Когда мы праздновали этот день рождения, всегда стояли теплые дни… И все мы так радовались, что впереди их еще так много…
Ада говорила, и голос ее становился тише с каждой фразой:
– Я думаю, ты простишь мне мою самонадеянность, как и то, что, оставшись в твоей квартире одна, я проверила ее на предмет ненужной «начинки», а затем стала перебирать твои альбомы с фотографиями. Меня интересовали фото семейных посиделок. И в первую очередь даты под ними – я знаю, Стрельцы очень трепетно относятся к видеозаписям, фотографиям, рисункам, другим свидетельствам своей не столько личной, сколько семейной жизни. И… думаю, ты уже сам все понял. В первом же альбоме, примерно на середине, я нашла то, что искала… И поняла: я была права. И в том, что убийца – Близнец, и в том, что этот Близнец – тот самый человек, которого я с самого начала подозревала.
* * *Это была классическая засада. Я чувствовал себя настолько отвратно, что охотно согласился бы умереть, лишь бы не приходилось сидеть в этой дурацкой засаде.
Тишина стояла абсолютная, да и кому было ее нарушать: ведь наша квартира находится на четвертом этаже, а жильцы пятого, равно как и третьего, на выходные уезжают на дачу… Лифт тоже не ездил. Дом спал. Казалось, гостей ждать неоткуда…
Но я знал, что убийца придет. Ведь он был уверен: сегодня меня не будет дома. Он знал об этом из первоисточника. Я сам ему сказал об этом несколько часов назад…
Прошел, наверно, еще целый час. И тут я очнулся, как от толчка! Снизу, набирая скорость, поднимался лифт. Это могло ровным счетом ничего не означать, лифт вполне мог везти загулявших гостей, но нервы мои были обнажены: мягкий звук поднимающейся кабины показался чуть ли не шумом электропоезда!
Я вскочил на ноги. От возбуждения чуть не прыгнул вниз, к двери, но быстро взял себя в руки. Стараясь проделать все как можно бесшумнее, отступил назад, в тень…

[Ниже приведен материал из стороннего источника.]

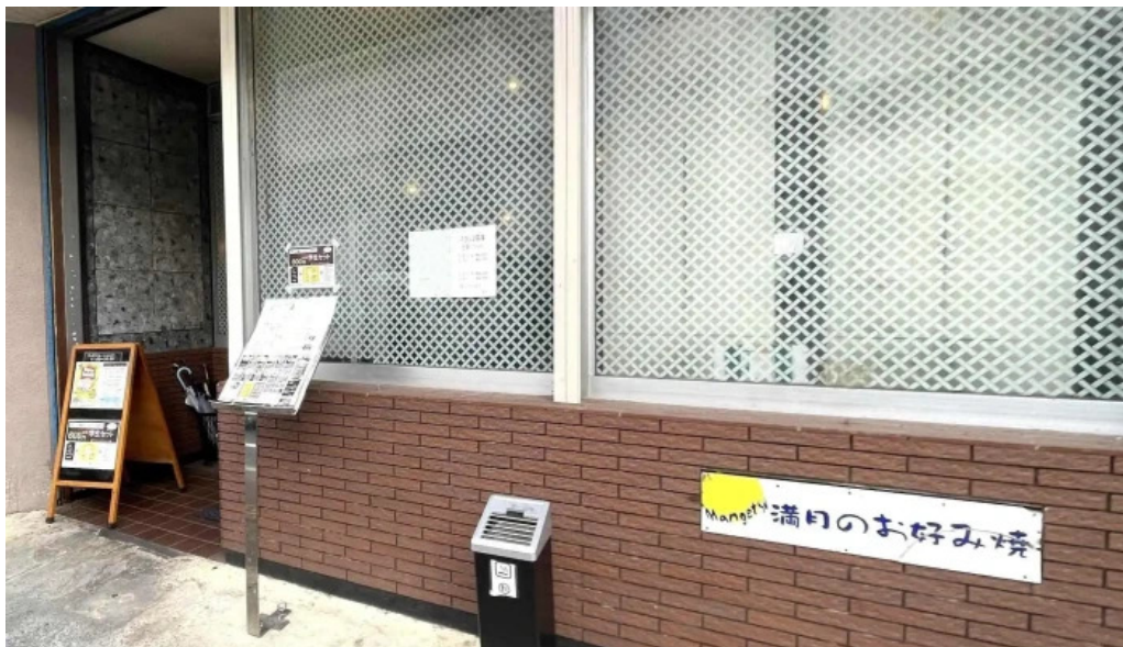
満月のお好み焼 ウェブサイト
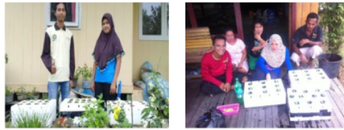
Gambar 10. Lomba project design

Kegiatan lomba tiap RT bertujuan untuk memacu semangat masyarakat untuk mendapatkan hasil yang terbaik dan menjadi percontohan bagi masyarakat lain. Kegiatan ini diawali dengan membagikan satu set perlengkapan hidroponik yang telah disiapkan kepada perwakilan setiap RT, penilaian dilakukan setelah kurang lebih 3 minggu penanaman. Dalam kegiatan ini yang berhasil sebagai RT terbaik adalah RT 12. Penghargaan untuk beberapa nominasi pemenang berupa starter kit hidroponik (Gambar 10).
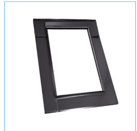
Kołnierz do pokryć płaskich

*Kołnierze specjalne umożliwiają montaż okien obok siebie lub jedno nad drugim.
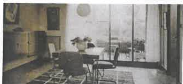
Boven: inkomhal woning Swart Onder: woonkamer woning Swart
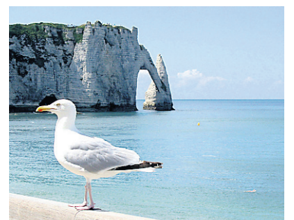
La falaise d'Étretat.

Près du port, le musée Malraux, tout en verre et en acier, compte l'une des plus belles collections impressionnistes en dehors des musées parisiens. Plusieurs des tableaux ont été achetés directement des peintres par l'amateur d'art havrais Olivier Senn, dont la collection a été offerte au musée par sa petite-fille. Le musée possède aussi 70 œuvres de Raoul Dufy, né au Havre.
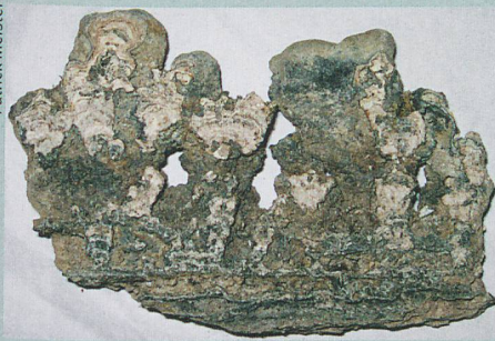
Diese Kalksteine bestehen aus Ausscheidungen von Bakterien.
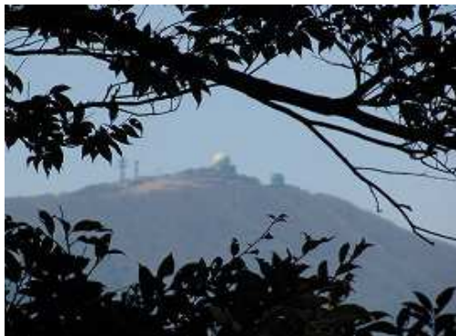
樹間から脊振山のドームが望める程度で展望は得られない。
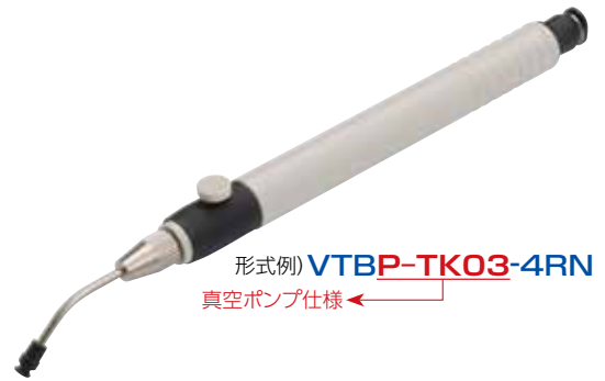
形式例) VTBP-TK03-4RN 真空ポンプ仕様 ←

真空破壊機能 真空破壊機能を目的として、内部に \phi 0.3\text{mm} のオリフィスを持たせています。よって吸着時に大気吸入しています。
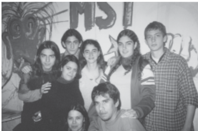
Secundarios en el local de la JS

B: Por esto, el Sarmiento se clausuró, tuvieron que mandar más de 80 obreros a trabajar una semana, y en estos días se reabre. Eso motivó al resto de los colegios.
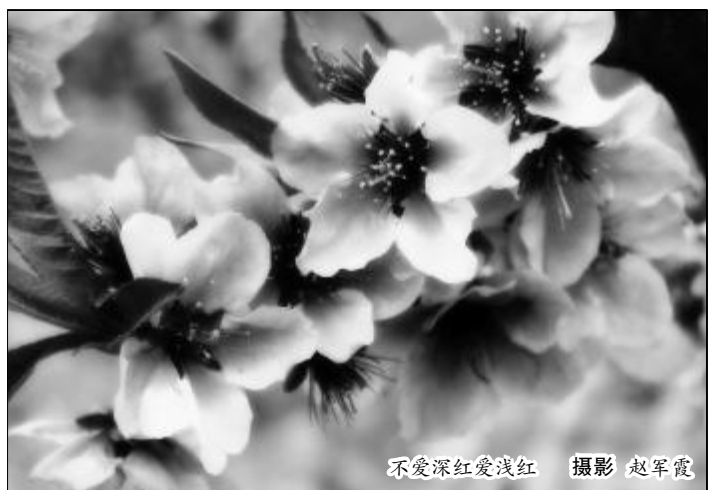
不爱深红爱浅红
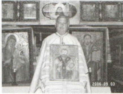
Ruszin búcsú a szentendrei Skanzen mándoki fatemplomában
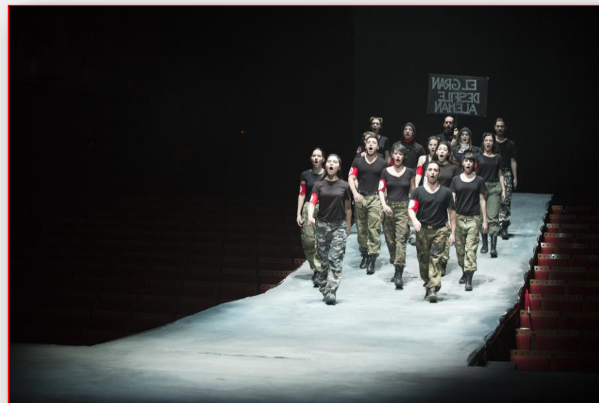
Terror y miseria del III Reich de Bertolt Brech. Dirección : Jesús G a Salgado

Desde 1993 imparte clases de Interpretación en la Escuela Superior de Arte Dramático de Madrid (RESAD), y hasta el 2008 en la ESAD de Torrelodones (Universidad de Kent, Canterbury), donde fue Director del Departamento de Interpretación y de Dirección de escena desde el 2000 al 2008.
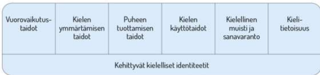
Kuva 4. Lasten kielen kehityksen keskeiset osa-alueet esiopetuksessa.

Kielen oppimisen kannalta on tärkeää tiedostaa, että saman ikäiset lapset voivat olla eri vaiheissa kielen kehityksen eri osa-alueilla. Lasten kielelliset identiteetit (kuvio 1) kehittyvät, kun heitä ohjataan ja tuetaan kielellisten taitojen ja valmiuksien keskeisillä osa-alueilla.
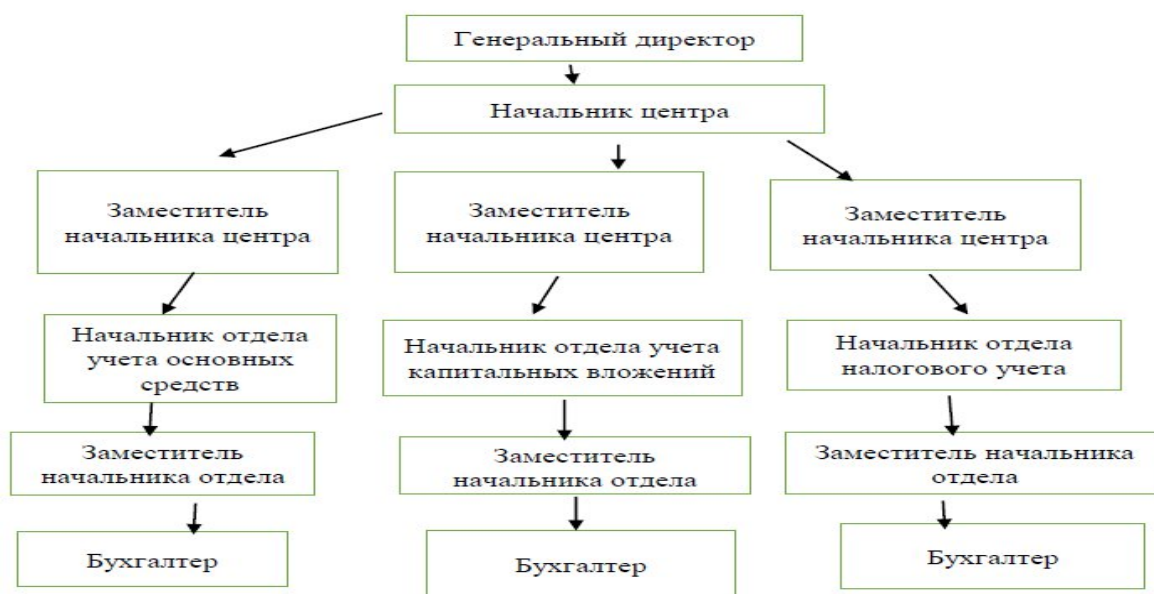
Рисунок 1.2 – Организационная структура филиала АО «Желдоручет» во Владивостоке

Далее рассмотрим организационную структуру филиала АО «Желдоручет» во Владивостоке (рисунок 1.2).
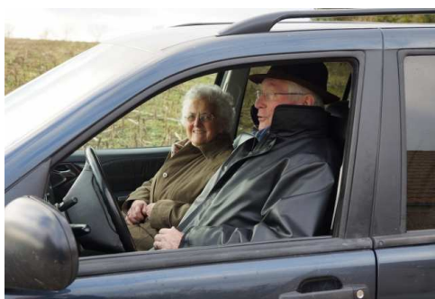
Un co-voiturage bien sympathique
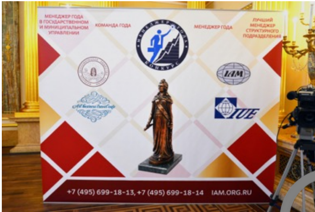
ФОТО ВИДЕО ОТЧЕТ - 2017
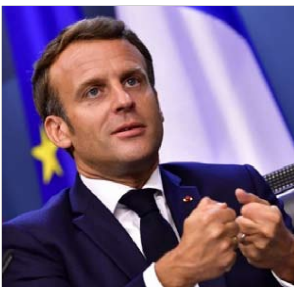
ماكرون تستهويه صحافة المشاهير

ولادة "جيل الألف يورو". ظهوره، مثل السطوة التي تمارس على جزء من صحافة المشاهير أسفل وما وراء جبال الألب، يسحر. إن قرب "ميمي" مارشان، إمبراطورة صحافة المشاهير، من الرئيس ماكرون، يؤكد هذا الاتجاه الثقيل الذي، لئن كان قديماً، فقد ارتفع بشكل مذهل بفضل الاستخدامات القادمة من شركة برلسكوني. منذ عام 2007، سعى المرشحون الرئاسيون إلى أن يكونوا على الصفحة الأولى لأخبار الصحف بدلاً من التفاعل مع القوى الاجتماعية في البلاد... لقد اندمج المستهلك والنخب، في نهاية فترته الرئاسية، وقع نيكولا ساركوزي فريسة عدة قضايا قانونية، كما شبهته بـ"رغبته في العودة إلى الساحة السياسية، ونتيجة لذلك نتحدث عن "برلسكوتة". لقد استطاع نيكولا ساركوزي الاعتماد على أصدقاء يمتلكون وسائل إعلام، ولكنه ليس صاحب وسائل إعلام، إن ما يميزه عن برلسكوني، انه ليس سيد التدفقات. يعمل برلسكوني وترامب بنفس الطريقة: جملة، تعبير جدي يركز عليهما فيجبان المناقشات التي الحياة ما بدا أنه توافق وإجماع في الحياة السياسية والاجتماعية حتى ذلك الحين. دعوى التحدث لأغلبية صامتة، فهما يحددان شروط النقاش، حتى أن لم يكن هذا الأخير ذا أهمية كبرى أو لم يكن حاسماً بالنسبة للبلد. وأدى وصول تويتير إلى زيادة هيجان المناقشات التي بدأت. واليوم، يحتاج المرء فقط إلى النظر إلى الشبكة الاجتماعية المعنية ليرى أن الرموز الترامبية قد طبعت القوس السياسي بأهمل.
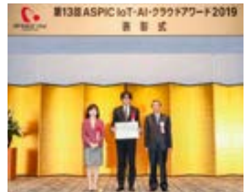
アワード2019(第13回) 木村弥生総務大臣政務官より授与
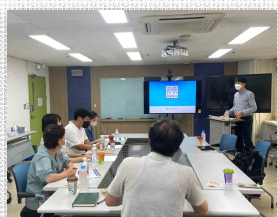
▲ 최종보고회 전경

Лифт остановился на моем этаже!
Широкая дверь плавно отъехала в сторону.
Никого…
Неужели пустой?..
Нет!
Из нутра кабины выдвинулась и медленно прокралась вдоль стены невысокая, полностью одетая во все черное фигура.
Постояла на площадке.
Направилась к моей двери…
Я услышал, как по ту сторону раздался звонок.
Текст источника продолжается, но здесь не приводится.